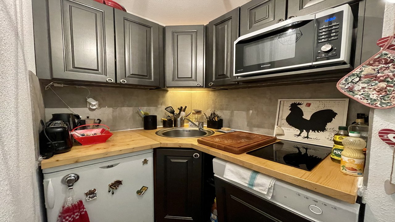 - Cuisine équipée : avec micro-ondes, lave-vaisselle, 4 plaques vitrocéramiques, réfrigérateur, grille-pain, bouilloire, cafetière.
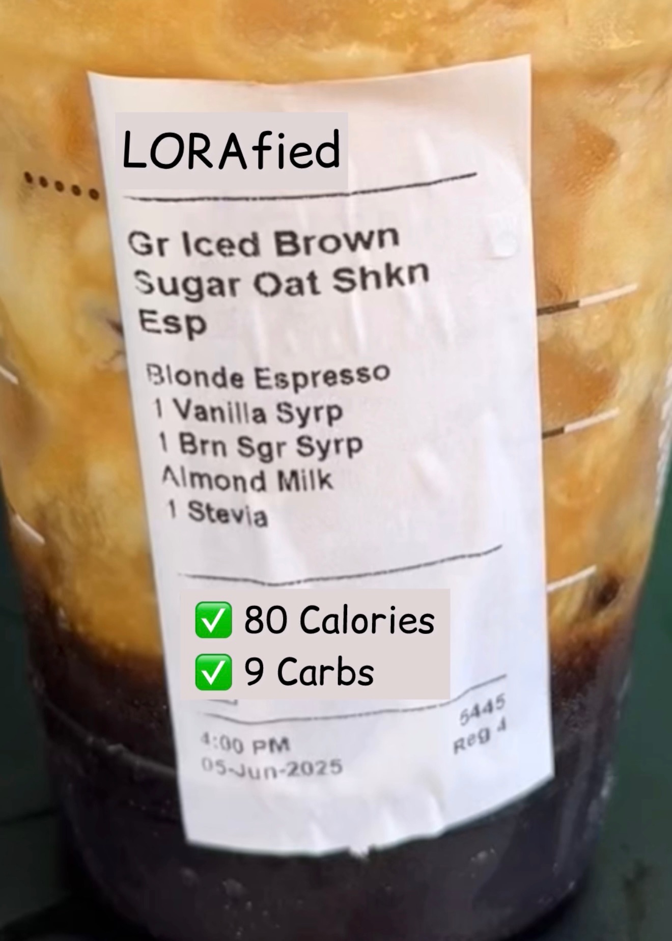 The original uses oat milk and 4 pumps of syrup—aka a sugar overload. Swapping to almond milk and cutting the syrups in half (plus using one sugar-free option) gives you all the bold espresso and cozy brown sugar flavor without the carb crash.
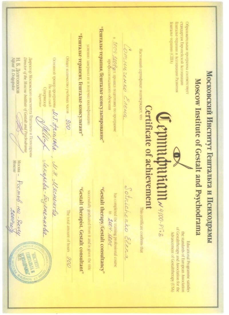 - Московский институт гештальта и психодрамы, программа «Гештальт-терапия», 2004–2008 гг.
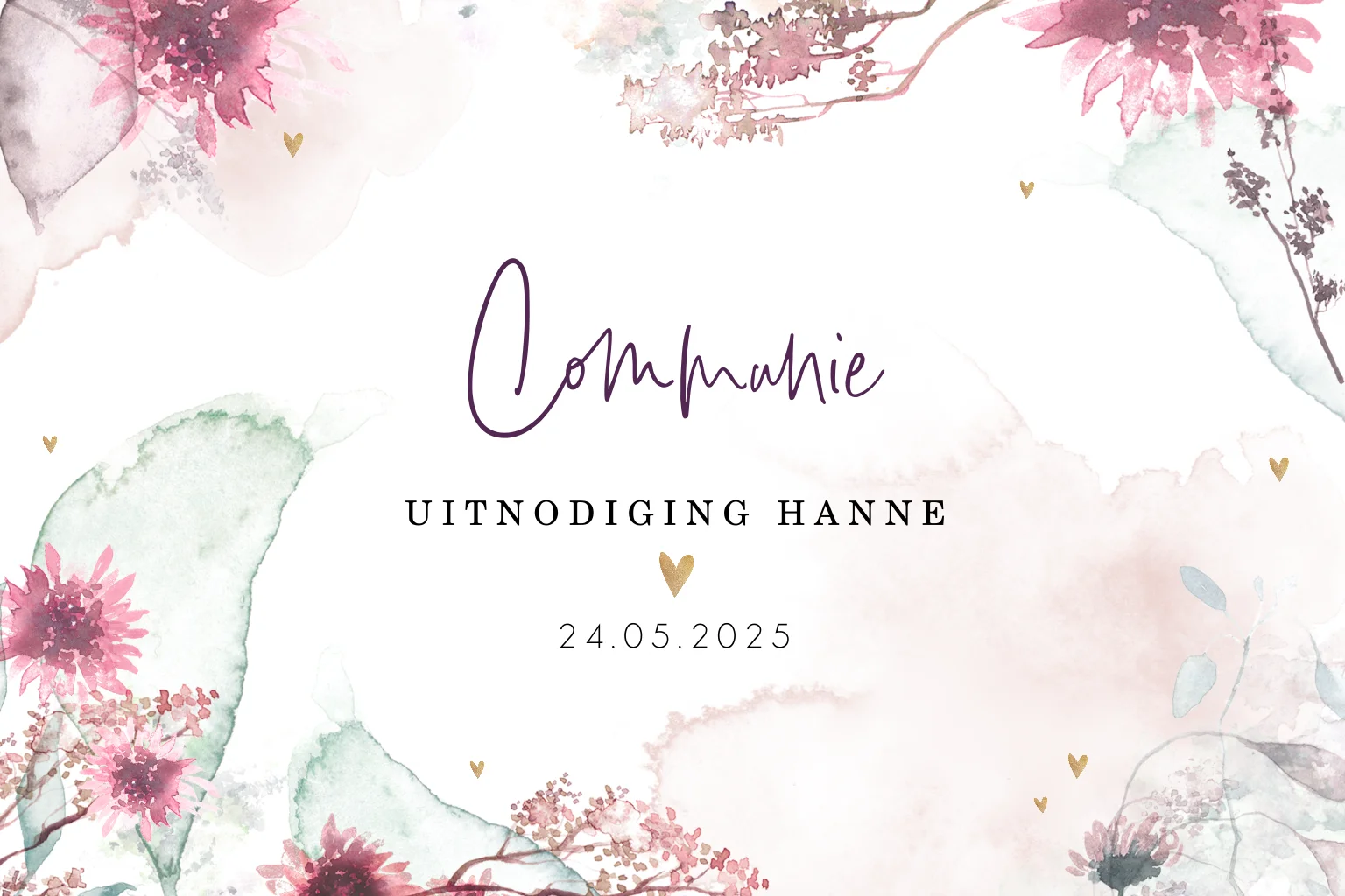Mooie uitnodiging voor de eerste communie van je dochtertje met bloemen in aquarel langs de rand in roze en groen. Met speelse typografie maak je het kaartje helemaal van nu, pas het eenvoudig aan naar eigen smaak in de online editor.
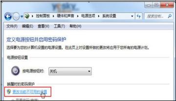 2、然后系統進入控制面板-硬件與聲音-電源選項-系統設置面板中,點擊“更改當前不可用的設置”。
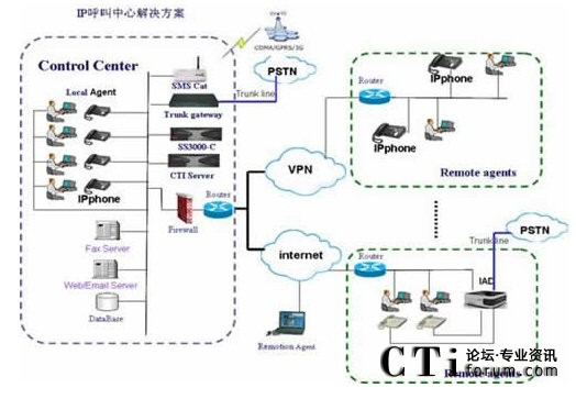 - 服務(wù)中心網(wǎng)絡(luò)化——充分利用IP話機的靈活移動和免費特點,服務(wù)中心的人工坐席可以靈活設(shè)置;
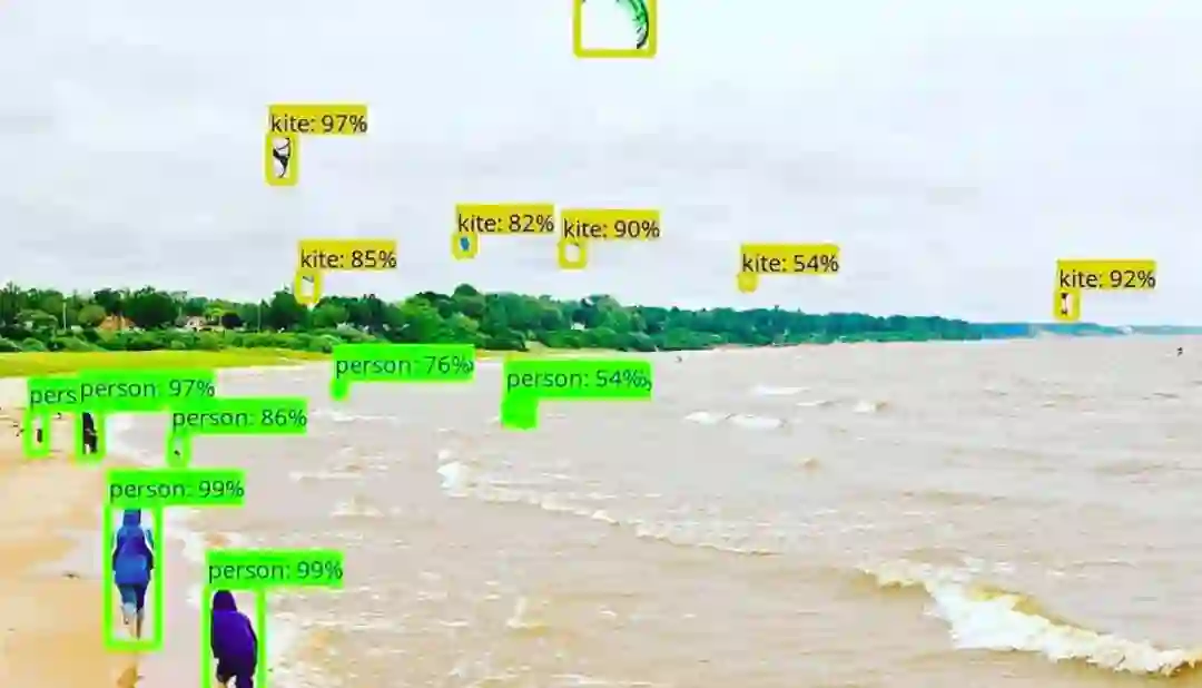 下图是描述目标检测算法如何工作的典型例子,图中的每个物体(不论是任务还是风筝),都能以一定的精确度被定位出来。

*PROBLEM DESCRIPTION*
In your copy, include no pictures, but set down every record exactly.

*EXPECTED ANSWER*
 - Cuisine équipée : avec micro-ondes, lave-vaisselle, 4 plaques vitrocéramiques, réfrigérateur, grille-pain, bouilloire, cafetière.
 The original uses oat milk and 4 pumps of syrup—aka a sugar overload. Swapping to almond milk and cutting the syrups in half (plus using one sugar-free option) gives you all the bold espresso and cozy brown sugar flavor without the carb crash.
 - Московский институт гештальта и психодрамы, программа «Гештальт-терапия», 2004–2008 гг.
Mooie uitnodiging voor de eerste communie van je dochtertje met bloemen in aquarel langs de rand in roze en groen. Met speelse typografie maak je het kaartje helemaal van nu, pas het eenvoudig aan naar eigen smaak in de online editor.
 2、然后系統進入控制面板-硬件與聲音-電源選項-系統設置面板中,點擊“更改當前不可用的設置”。
 - 服務(wù)中心網(wǎng)絡(luò)化——充分利用IP話機的靈活移動和免費特點,服務(wù)中心的人工坐席可以靈活設(shè)置;
 下图是描述目标检测算法如何工作的典型例子,图中的每个物体(不论是任务还是风筝),都能以一定的精确度被定位出来。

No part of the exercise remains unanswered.